- [PROVIDED ENTRIES]
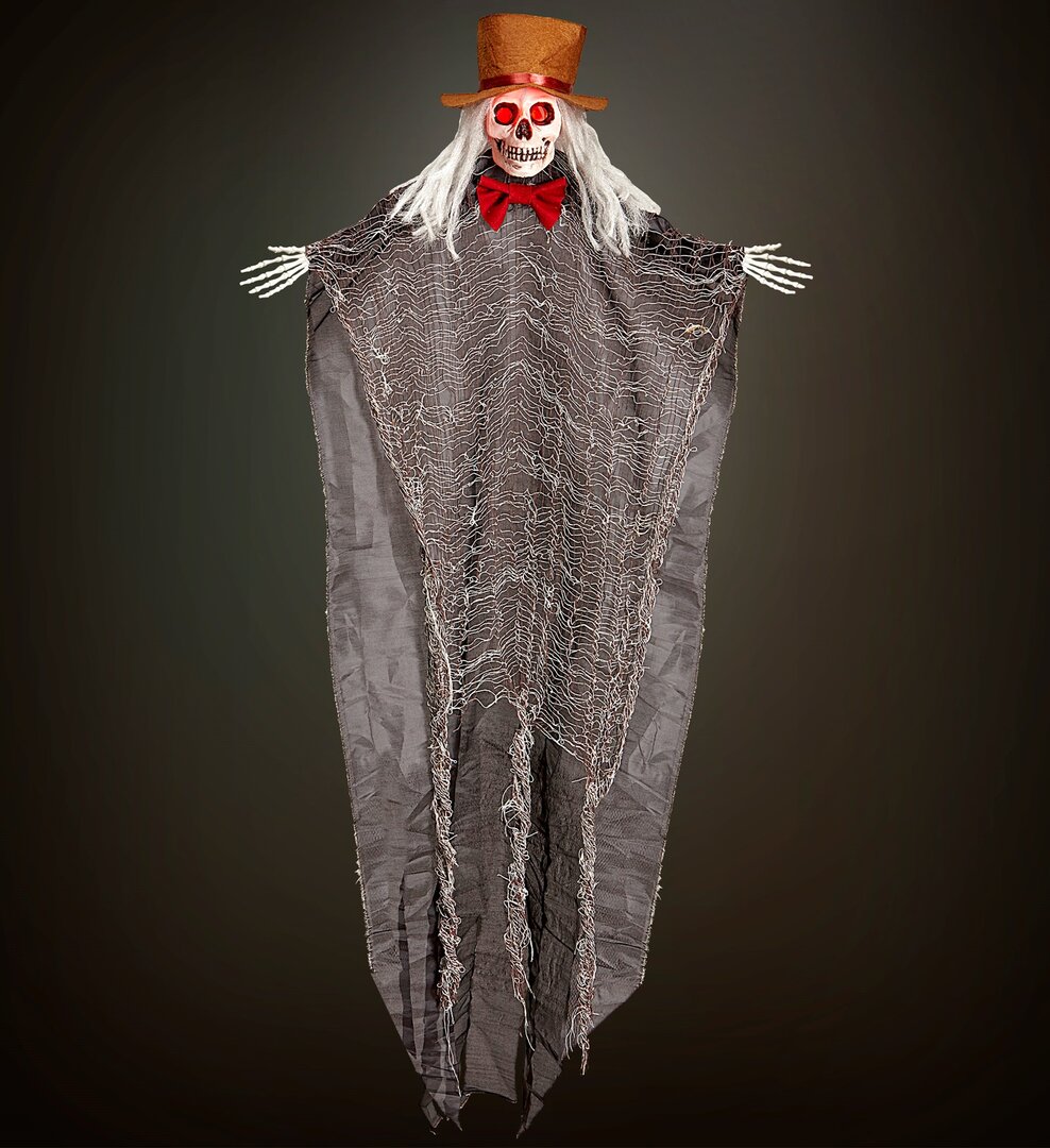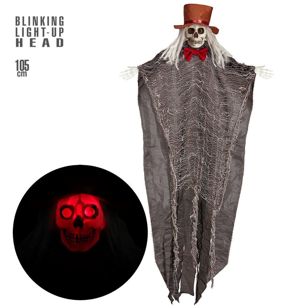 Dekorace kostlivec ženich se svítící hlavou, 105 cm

--

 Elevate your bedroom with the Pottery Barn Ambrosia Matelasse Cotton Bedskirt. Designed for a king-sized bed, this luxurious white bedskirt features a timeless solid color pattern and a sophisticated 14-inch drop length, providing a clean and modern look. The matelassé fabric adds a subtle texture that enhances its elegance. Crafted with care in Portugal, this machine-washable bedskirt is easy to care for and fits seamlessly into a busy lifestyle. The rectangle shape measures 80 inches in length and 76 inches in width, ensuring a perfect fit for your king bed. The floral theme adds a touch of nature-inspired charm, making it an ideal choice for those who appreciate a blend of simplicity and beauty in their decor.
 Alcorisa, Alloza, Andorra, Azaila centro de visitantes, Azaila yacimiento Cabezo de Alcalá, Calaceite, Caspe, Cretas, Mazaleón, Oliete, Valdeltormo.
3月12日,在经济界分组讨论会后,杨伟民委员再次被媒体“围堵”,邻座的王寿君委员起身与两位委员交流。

- [PROBLEM TO WORK ON] From the records above, retype only the lines starting at the line that contains "Elevate your bedroom" and ending at the line that contains "Alcorisa, Alloza, Andorra, Azaila", both included.

- [ANSWER TO THIS PROBLEM]
 Elevate your bedroom with the Pottery Barn Ambrosia Matelasse Cotton Bedskirt. Designed for a king-sized bed, this luxurious white bedskirt features a timeless solid color pattern and a sophisticated 14-inch drop length, providing a clean and modern look. The matelassé fabric adds a subtle texture that enhances its elegance. Crafted with care in Portugal, this machine-washable bedskirt is easy to care for and fits seamlessly into a busy lifestyle. The rectangle shape measures 80 inches in length and 76 inches in width, ensuring a perfect fit for your king bed. The floral theme adds a touch of nature-inspired charm, making it an ideal choice for those who appreciate a blend of simplicity and beauty in their decor.
 Alcorisa, Alloza, Andorra, Azaila centro de visitantes, Azaila yacimiento Cabezo de Alcalá, Calaceite, Caspe, Cretas, Mazaleón, Oliete, Valdeltormo.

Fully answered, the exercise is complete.